I have spent the last seven days dealing with some hideous gastrointestinal bug. We had to cancel a plethora of planned celebrations and activities.
First born’s fifth birthday party celebration in the park complete with party games such as What’s the time Mr Wolf and treasure hunts… cancelled.
My own romantic birthday dinner with Mr Cool… cancelled.
Fine food experience indulging at one of the best restaurants in the city with girlfriends pre chemo before my taste buds drop off the face of the Earth and land on Mars… cancelled.
Chemotherapy… cancelled. Err, I mean… postponed.
Yep, that’s right, this week I haven’t eaten much of anything, and unfortunately I have been able to taste what I had eaten more than once!

A friend asked me if Pavlov’s dog was at work. It was worth giving some thought. Perhaps classical conditioning was at play, but instead of salivating like Pavlov’s dog when a bell rings, I was channelling what it might feel like to have chemotherapy in the coming weeks. My poor body! Who gets gastro for a week before chemo and gets their chemo delayed? I do. Go me! Come to think of it, I also remember experiencing morning sickness a month before I got pregnant with both of my children.

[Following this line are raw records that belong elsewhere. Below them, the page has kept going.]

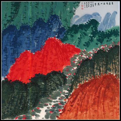 《重彩山水》 斗方 74×72cm 纸本设色 2003年
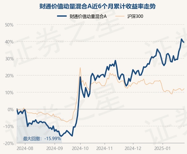 证券之星消息,1月24日,财通价值动量混合A最新单位净值为4.907元,累计净值为5.378元,较前一交易日下跌0.35%。历史数据显示该基金近1个月上涨6.35%,近3个月上涨17.7%,近6个月上涨39.4%,近1年上涨58.96%。该基金近6个月的累计收益率走势如下图:
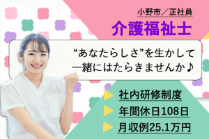 ≪小野市/介護福祉士/正社員≫★月収例27.2万円◆賞与2.0ヶ月分◆残業少なめ◆希望休制度◆社内研修制度★介護付有料老人ホームでのお仕事です☆
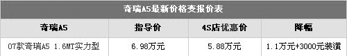 奇瑞A5可以算得上是自主品牌实惠车型的代表车型,6万元(报价 参数 图片 论坛)左右的价格、三厢车型空间、1.6L排量发动机、真皮座椅、电动天窗,真的是应有竟有。所以第一个推荐的实惠自主品牌车型就是奇瑞A5,但是奇瑞A5还需要继续努力,几年都一成不变,竞争力渐渐没有优势,这里编者期待奇瑞A5的改款车型。以下是奇瑞A5报价表:
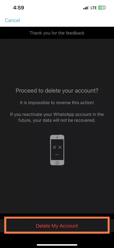 ۴. روی Delete My Account کلیک کنید تا حساب کاربری واتساپ شما بهطور کامل و برای همیشه حذف شود.
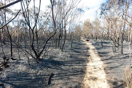 Scorched earth and blackened tree trunks caused by a large bush fire in the southern Sydney suburb of Barden Ridge.
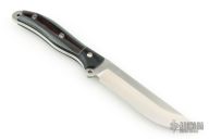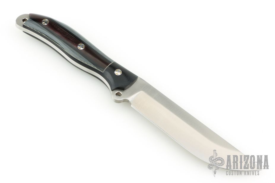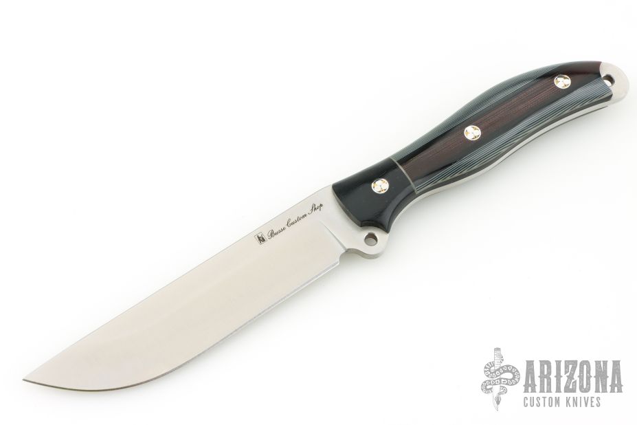 This Trail Beacon by Busse Custom Shop features a satin finished blade with .192" blade stock and 1.135" blade depth, full tang construction. The handle has black G-10 bolsters and liners, multi-color G-10 striped scales with grey liners and mosaic pins. New from maker!

Concerned folk have made statements that my immune system must be low because I have cancer. I don’t see myself as being fragile and vulnerable. I thought I was healthy until the doctors told me otherwise. I just think I got the regular round of children’s bugs that you get when you live with young children that have a much better social life than you. So this week I have affectionately termed the “Gastro Pre Chemo Disco” week. And instead of the dance floor and the bar, I was running between the bathroom and the boudoir. I have not done anything cool like the Macarena, Nut Bush or the Bus Stop though. Remember those? At the Gastro Pre Chemo Disco there is the “Shit to the Loo My Darlin Shuffle”, the “Riding the Big White Porcelain Bus” and the “Heave Ho, Dosey Doe” manoeuvres. The next dance floor crazes coming to a disco near you! I can laugh about it tonight as the tummy pains have eased and the food is staying down again.

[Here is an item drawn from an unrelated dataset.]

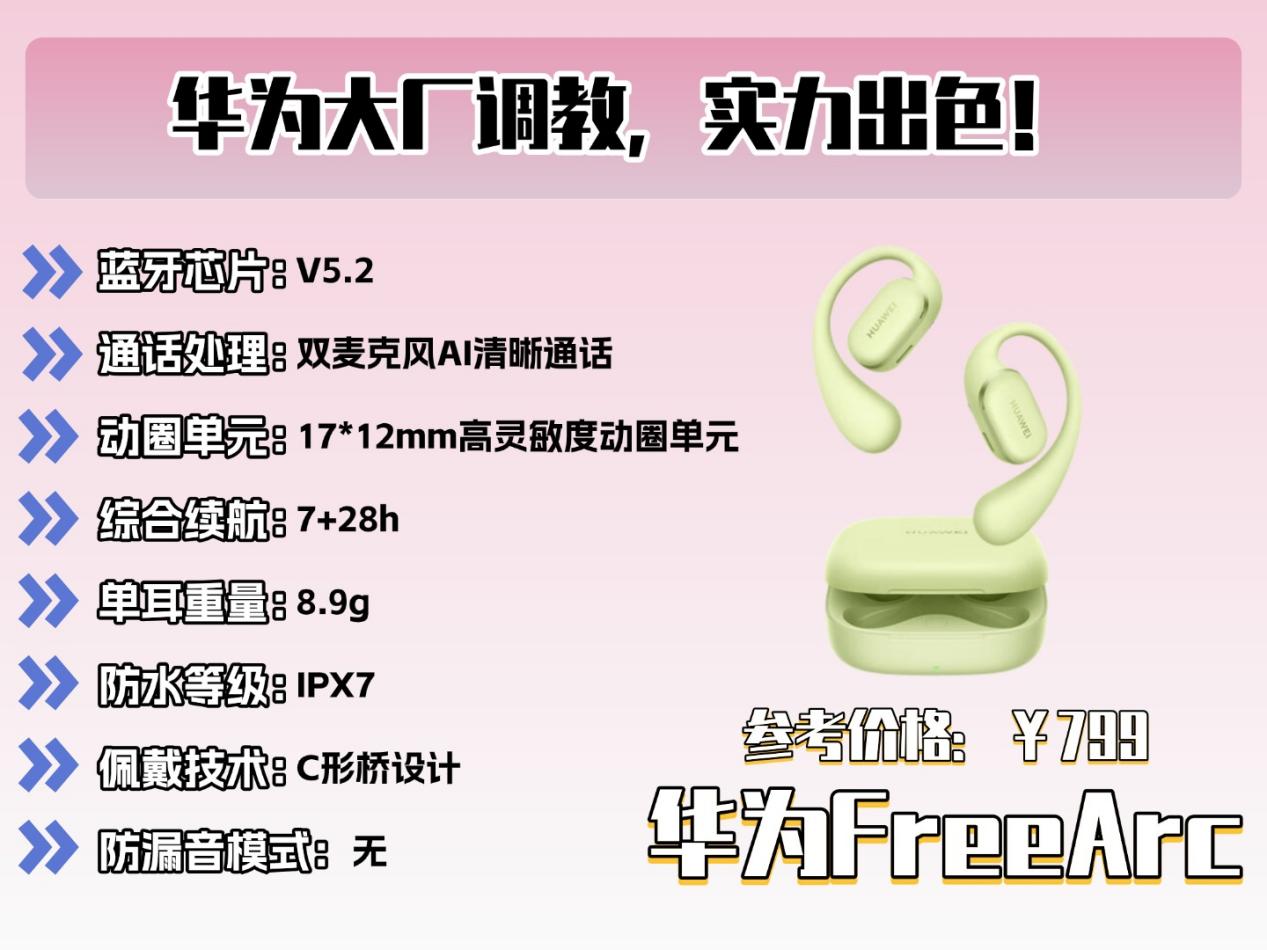 华为FreeArc价格:799 元推荐程度:★★★★推荐理由:佩戴舒适稳固,音质出色,防水且续航长,适配多场景超省心。

There have been lots of visits to hospital and introductions to new characters this week. I’m excited by what lies ahead in a sadistic kind of way. I’m like the new girl on her first day at a new school. Full of apprehension and hope. I’m getting shown around all the different facets of hospital life as a chronic disease patient. I’ve even been given a VIP card for speedy entry to the hospital’s emergency department. If I arrive at emergency feeling ill they have to see me quickly in a “Do not pass go, do not collect $200 kind of way”. Apparently chemotherapy has some perks. I wonder if the card also gets me a discount at the hospital cafe or pharmacy? Imagine that! Ten percent off for all VIP patients! I can’t wait to walk straight past and smugly make eye contact with all of the sick people who have been waiting for hours to see a triage nurse. At our hospital there is a queue just to see the triage nurse, then hours upon hours to wait to be seen by a doctor. What annoys me most is that the waiting room is filled with these moulded plastic chairs that you can’t lay down on. They don’t want you to be comfortable while you wait. Our hospital is a very stretched and under resourced hospital but at least the staff are great.

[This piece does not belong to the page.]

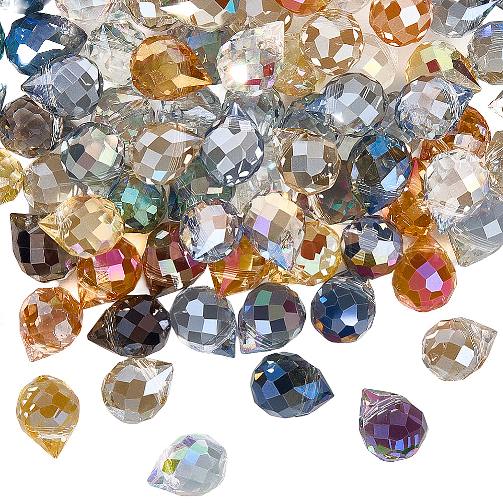 120стеклянные бусины с гальваническим покрытием, граненые, слезинки, Топ пробуренной

On Tuesday, when I thought the gastro bug had been exorcised from my lifeless body, I staggered my weak little self into my oncologists office and we met for the first time. My skinny jeans looked great on that day. It has been over 5 weeks since the mastectomy and 7 since the lumpectomy. It has been an anxious time of thinking about the surgical effect on the cells within my altered tissue, vascular and lymphatic system. I was told my lymphatic system had an excellent clearance rate so the thought of giving these cancer cells this length of time to go on a little journey around my body has not sat well with me. Lets hurry up and get this bloody chemo show on the road!
Interestingly, the Oncology Department is one floor beneath the level I gave birth to my beautiful children in. The layout of the building is identical. Walking into reception was exactly like going to have a pre birth women’s health check. Except without all of the excitement and joy of bringing a new child into the world. Incredibly, my oncologist’s office is located directly under the room where I spent precious time with my first newborn son.
The receptionist and oncology nurses were bubbly. I have found this with receptionists in these cancer related hospital areas. I wonder if it is a job requirement? Don’t be forlorn, don’t be depressed, at all costs smile and exude a positive energy because you are dealing with people who have cancer. Sometimes it comes across as a bit forced. Ease up on the happiness please ladies.
The time spent sitting in hospital waiting rooms provides exposure to the sort of television one would normally never wish to be exposed too. Though in this scenario, I’m kind of grateful for the distraction. This week I learnt that Lindsay Lohan can do all sorts of crazy stuff and keep getting away with it in the courts. I learnt that Tiger Woods is in a relationship again. (insert yawn here). Then the newsreader announced the breaking news that Gina Riley from the hit Australian comedy show “Kath and Kim” is being treated for breast cancer at 51 after a routine mammogram found a tumour that she wasn’t able to palpate.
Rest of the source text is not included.